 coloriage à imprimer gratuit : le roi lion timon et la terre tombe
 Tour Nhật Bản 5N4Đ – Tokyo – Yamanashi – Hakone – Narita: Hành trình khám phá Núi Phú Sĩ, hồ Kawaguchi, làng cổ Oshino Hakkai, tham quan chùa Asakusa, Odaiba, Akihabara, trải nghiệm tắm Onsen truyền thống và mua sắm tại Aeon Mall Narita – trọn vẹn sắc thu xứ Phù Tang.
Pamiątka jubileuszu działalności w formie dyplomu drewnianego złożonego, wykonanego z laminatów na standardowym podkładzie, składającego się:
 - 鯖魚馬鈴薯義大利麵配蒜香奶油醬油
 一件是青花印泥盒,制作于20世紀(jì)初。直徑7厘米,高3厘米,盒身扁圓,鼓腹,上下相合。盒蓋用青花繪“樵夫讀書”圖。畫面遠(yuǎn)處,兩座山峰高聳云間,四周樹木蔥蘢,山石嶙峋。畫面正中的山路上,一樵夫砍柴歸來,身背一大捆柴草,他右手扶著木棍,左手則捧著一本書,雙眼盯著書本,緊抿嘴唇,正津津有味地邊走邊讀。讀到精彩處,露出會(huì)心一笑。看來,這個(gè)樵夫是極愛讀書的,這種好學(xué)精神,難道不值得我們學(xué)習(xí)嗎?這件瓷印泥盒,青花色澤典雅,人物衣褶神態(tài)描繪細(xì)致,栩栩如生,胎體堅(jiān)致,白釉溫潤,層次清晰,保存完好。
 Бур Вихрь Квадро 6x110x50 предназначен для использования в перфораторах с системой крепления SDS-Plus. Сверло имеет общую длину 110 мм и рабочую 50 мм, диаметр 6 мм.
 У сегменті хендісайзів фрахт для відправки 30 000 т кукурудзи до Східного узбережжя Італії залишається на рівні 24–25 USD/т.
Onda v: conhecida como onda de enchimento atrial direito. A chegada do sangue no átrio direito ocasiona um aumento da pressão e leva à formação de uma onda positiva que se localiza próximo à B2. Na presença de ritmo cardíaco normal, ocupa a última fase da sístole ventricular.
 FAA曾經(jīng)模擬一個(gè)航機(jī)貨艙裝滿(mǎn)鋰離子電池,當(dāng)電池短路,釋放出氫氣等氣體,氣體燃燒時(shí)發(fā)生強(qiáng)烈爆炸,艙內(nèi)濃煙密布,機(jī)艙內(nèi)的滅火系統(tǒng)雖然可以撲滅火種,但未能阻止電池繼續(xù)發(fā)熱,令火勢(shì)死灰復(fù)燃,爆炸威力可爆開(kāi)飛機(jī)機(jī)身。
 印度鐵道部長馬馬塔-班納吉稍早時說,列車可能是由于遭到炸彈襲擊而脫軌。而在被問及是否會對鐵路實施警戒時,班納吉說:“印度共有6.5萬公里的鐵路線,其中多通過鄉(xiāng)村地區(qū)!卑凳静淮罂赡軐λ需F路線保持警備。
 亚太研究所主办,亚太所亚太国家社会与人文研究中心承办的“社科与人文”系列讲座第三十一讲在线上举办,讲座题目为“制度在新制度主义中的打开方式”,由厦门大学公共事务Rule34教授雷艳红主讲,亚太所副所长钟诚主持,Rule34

* * *

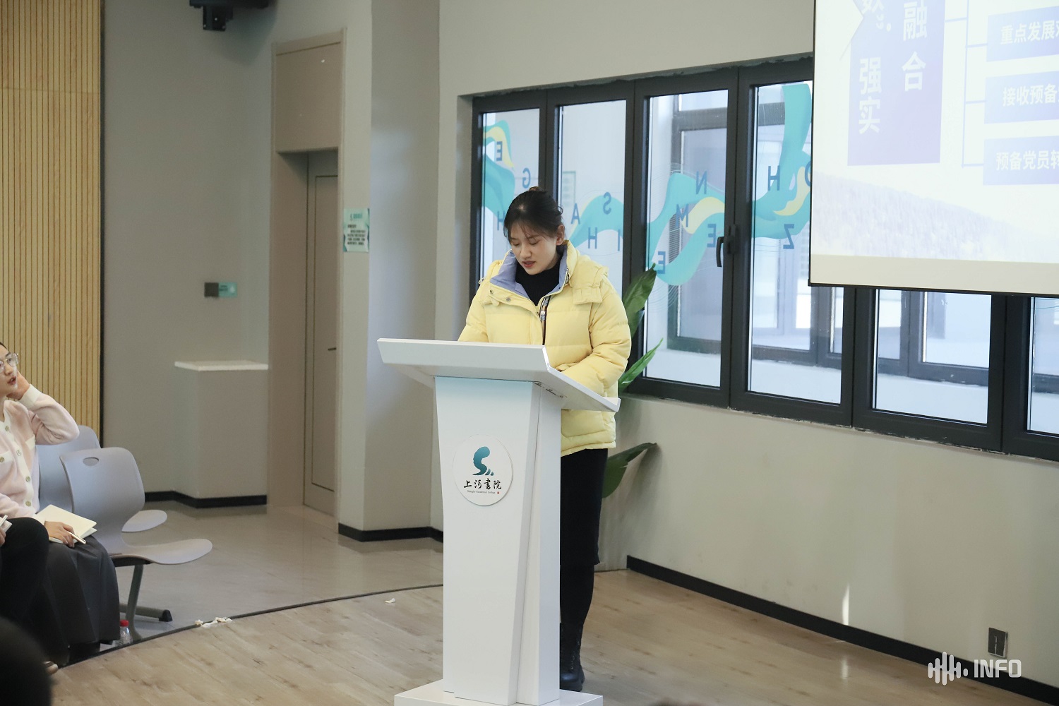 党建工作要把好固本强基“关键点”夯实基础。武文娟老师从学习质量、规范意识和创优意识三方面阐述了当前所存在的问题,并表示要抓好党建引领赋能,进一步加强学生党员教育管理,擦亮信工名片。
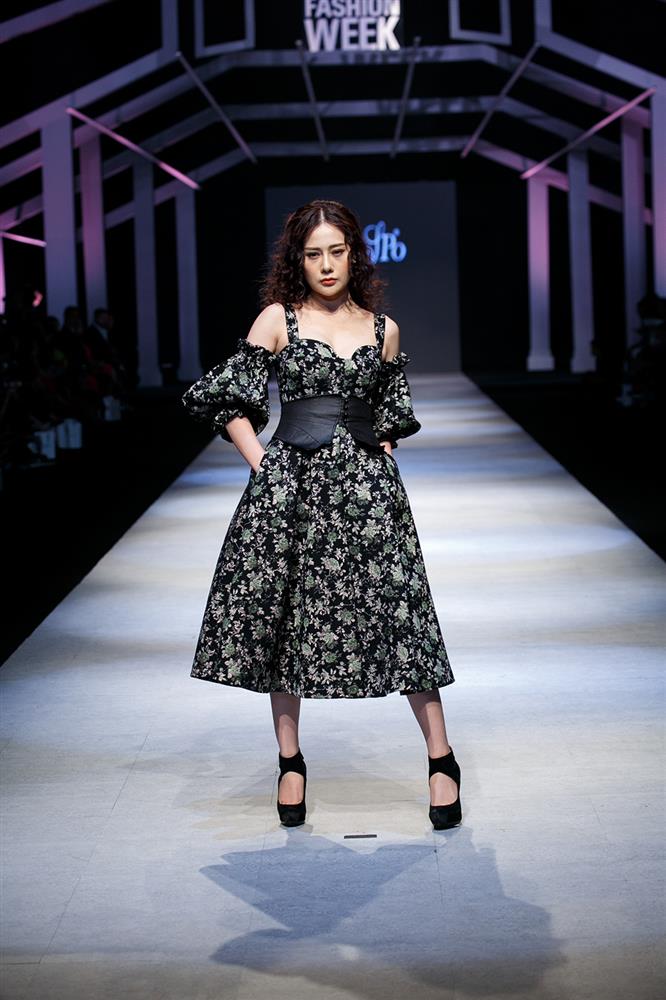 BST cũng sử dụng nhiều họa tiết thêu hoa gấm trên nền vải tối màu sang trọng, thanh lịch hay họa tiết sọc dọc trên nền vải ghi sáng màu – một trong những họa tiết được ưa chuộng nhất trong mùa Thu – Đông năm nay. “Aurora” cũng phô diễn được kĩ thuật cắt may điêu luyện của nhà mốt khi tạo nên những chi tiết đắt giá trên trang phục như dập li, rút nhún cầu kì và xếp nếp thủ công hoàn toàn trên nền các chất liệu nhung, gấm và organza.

→ WORK ORDER:
The expected output is exactly the lines of the listing above between the line holding "coloriage à imprimer" and the line holding "Tour Nhật Bản", inclusive.

→ YOUR RESPONSE:
 coloriage à imprimer gratuit : le roi lion timon et la terre tombe
 Tour Nhật Bản 5N4Đ – Tokyo – Yamanashi – Hakone – Narita: Hành trình khám phá Núi Phú Sĩ, hồ Kawaguchi, làng cổ Oshino Hakkai, tham quan chùa Asakusa, Odaiba, Akihabara, trải nghiệm tắm Onsen truyền thống và mua sắm tại Aeon Mall Narita – trọn vẹn sắc thu xứ Phù Tang.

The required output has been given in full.